Sadece özel sektör değil, tüm öğretmenlerin yaşadıkları sorunların sorumlusu ve aslında denetçisi olması gereken milli eğitim sisteminin öğretmenleri en başta bu düzene mecbur bırakan hatta bu düzen içinden asla çıkmamasını sağlayan asıl mekanizma olduğunu öne süren İnan, “Türkiye’de yıllardır her alan egemen sınıfların elinde sermayeyi odak alır halde şirketleştirilirken eğitim bunların en yakıcı alanlarından biri haline geldi. Sınav sistemleri, eğitim koşulları, müfredatlar konusunda hali hazırda epeyce kendini belli eden bu sistem öğretmenleri sermaye odaklarının sömürü oyuncağı haline getirmekten hiç çekinmedi. En basit haliyle temel haklarımızı talep ettiğimiz, kamu çalışanlarıyla eşit özlük haklarını istediğimiz, mobbingin, cinsiyetçiliğin, homofobinin olmadığı bir sistem istiyoruz dediğimiz bir durum aslında bu” şeklinde konuştu.
“KPSS SKANDALI HAK İHLALLERİNİ BİR KEZ DAHA GÖSTERDİ”

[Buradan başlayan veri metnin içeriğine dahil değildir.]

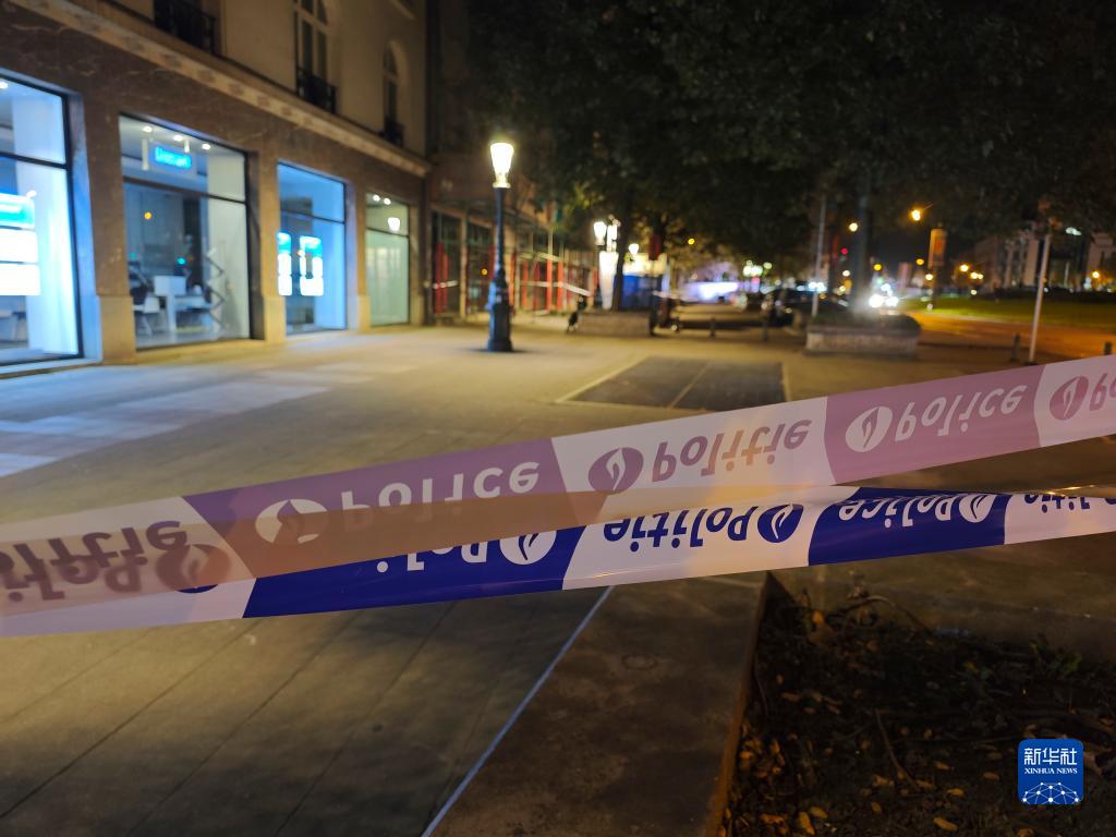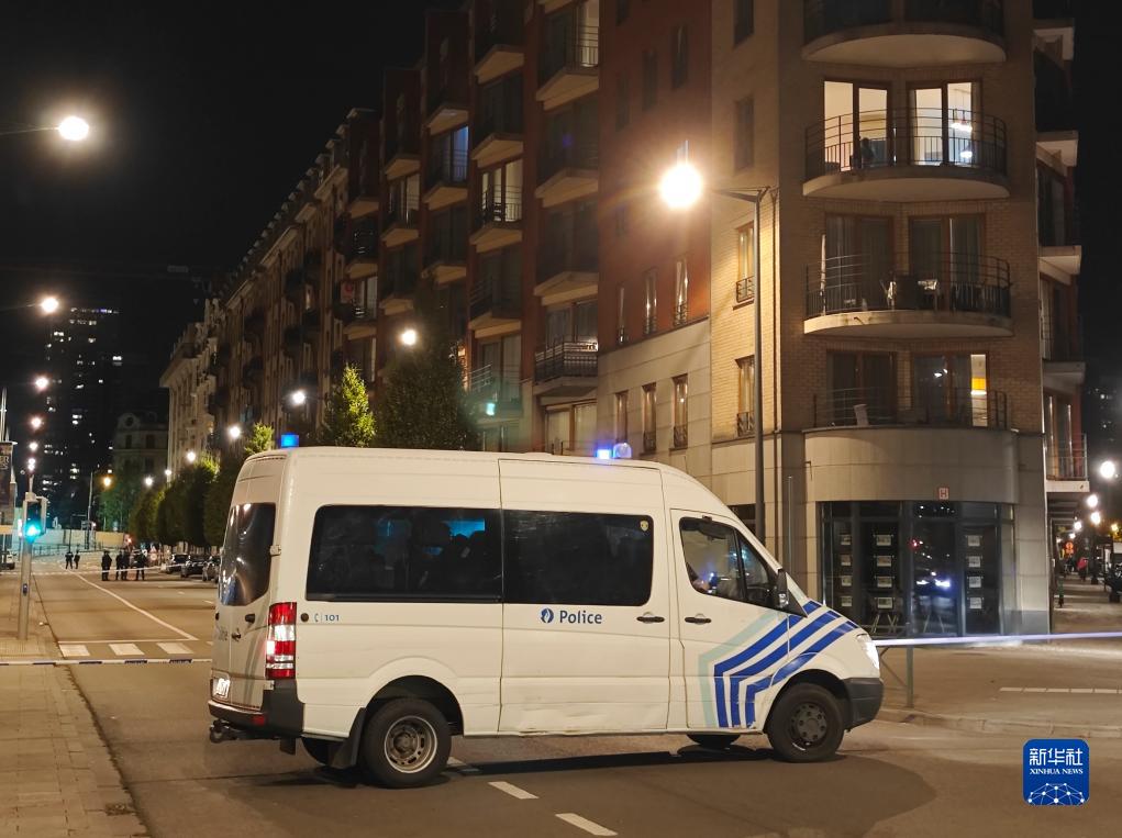 10月16日,在比利時布魯塞爾,警方在槍擊事件現(xiàn)場警戒。新華社記者 劉宇軒 攝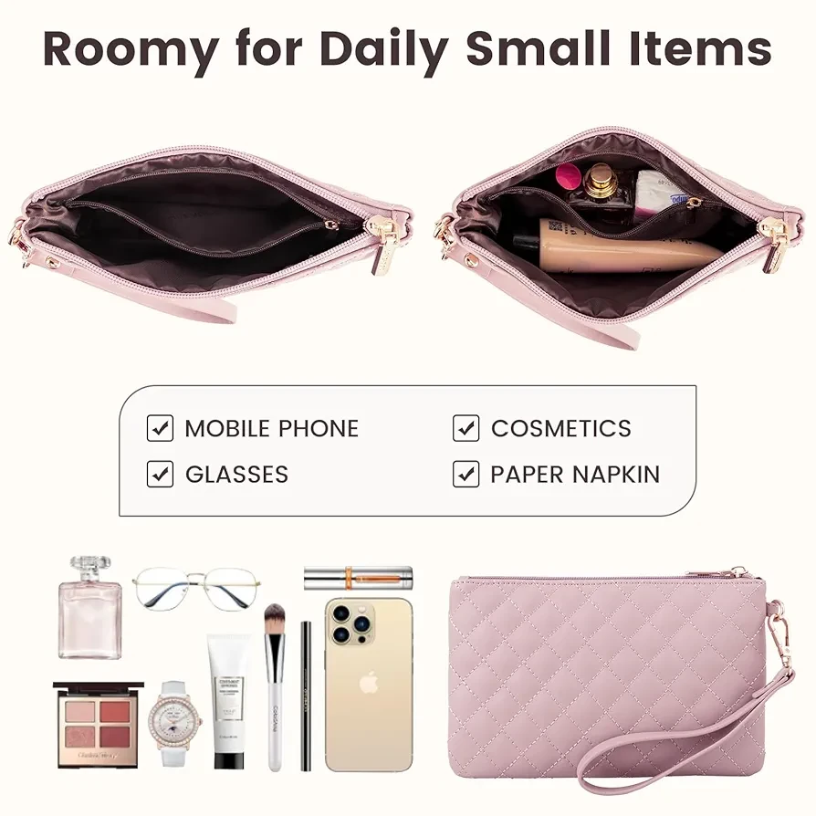 ? COMPLIMENTARY CLUTCH BAG ☛ The clutch purse is compact enough to fit in your hand or easily slip into a larger bag, yet spacious enough to hold all your essentials, such as your phone, keys, cards, and makeup.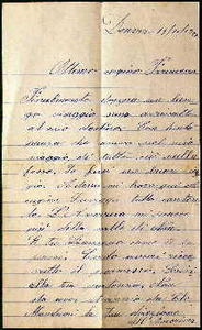 Zamboni SilvioLettera datata 11 novembre 1920. Silvio Zamboni scrive da Denver (Colorado) a Francesco Franch, marito di sua cugina, riferendogli di essere arrivato in America. Da anche dei consigli a Francesco che sta per partire: gli raccomanda di essere pulito al momento dell'imbarco e di avere soldi con se.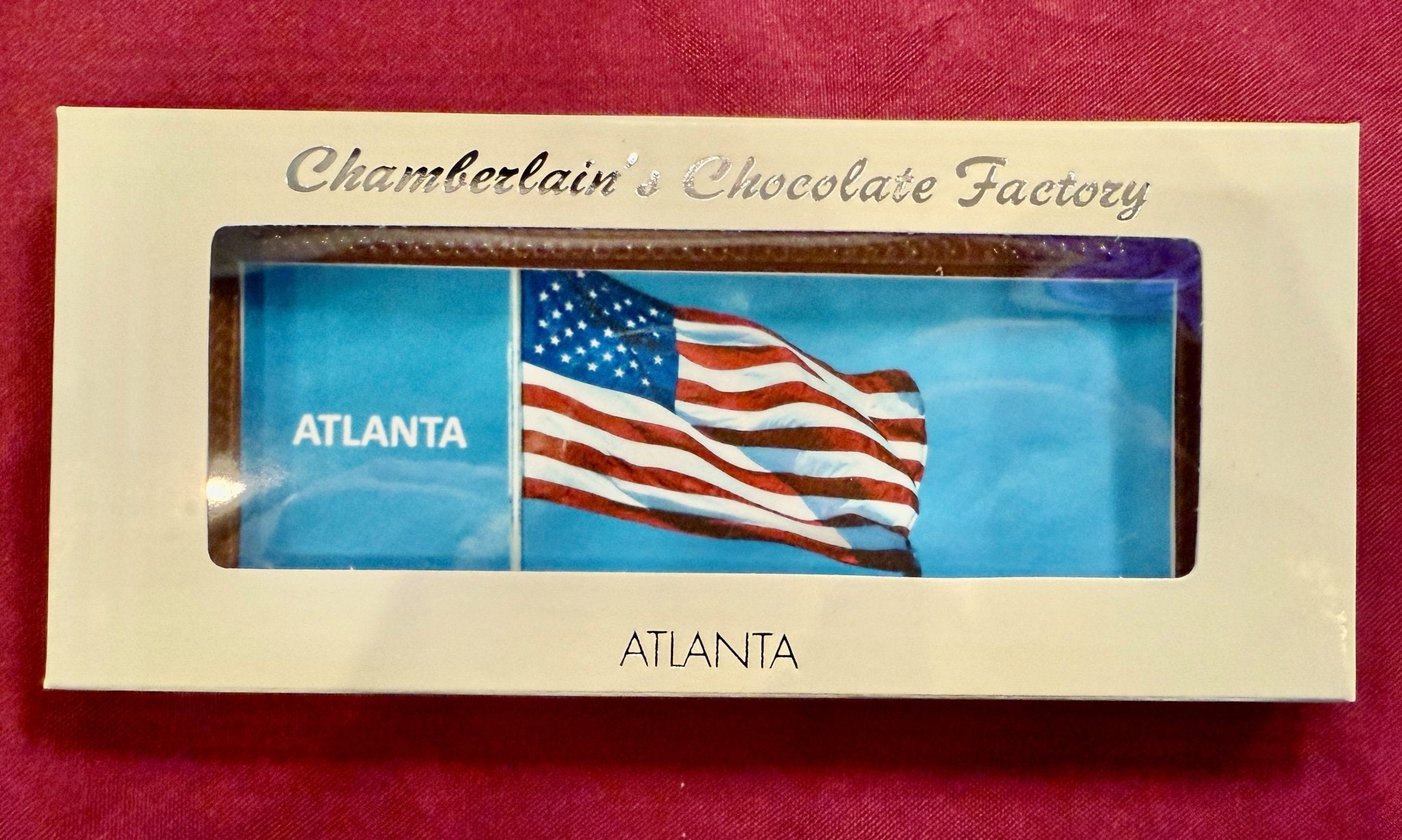 This large chocolate bar features an edible design of the American Flag, making it a unique and tasty treat for any chocolate lover. Available in our milk, white, or semi-sweet chocolate.

Son KPSS skandalı sonrası öğretmenlerin henüz mesleğe adım atarken dahi yaşadığı eşitsizlik ve hak ihlallerinin kendini bir kez daha gösterdiğini vurgulayan İnan, tüm öğretmenleri 30 Ağustos’ta mücadeleye destek vermeye çağırarak, şöyle devam etti: “30 Ağustos’ta Ankara’da olacağız çağrımız tüm bu hak mücadelelerini en yüksek perdeden duyurmak, mücadelemizi büyütmek ve en tabii olan haklarımızı elde etme yolunda önemli eşiklerden bir tanesi. Eğitim sistemini bu denli özelleştiren, sermayeye ve kişisel çıkarlara oyuncak eden, öğretmenleri sömürmenin yollarını kendilerine yöntem edinen, siz kölesiniz diyen bu düzene karşı birlikte güçlüyüz diyoruz. Patronların ve onların sırtını sıvazlayanların karşısında örgütlü gücümüzle varız. Tüm meslektaşlarımızı 30 Ağustos’ta bu sese destek olmaya omuz vermeye çağırıyoruz. Bu çarkları bozmak, bize dayatılanlar karşısında durmak bizim görevimiz. Birlikte mücadele ediyorsak elbet birlikte kazanacağız.”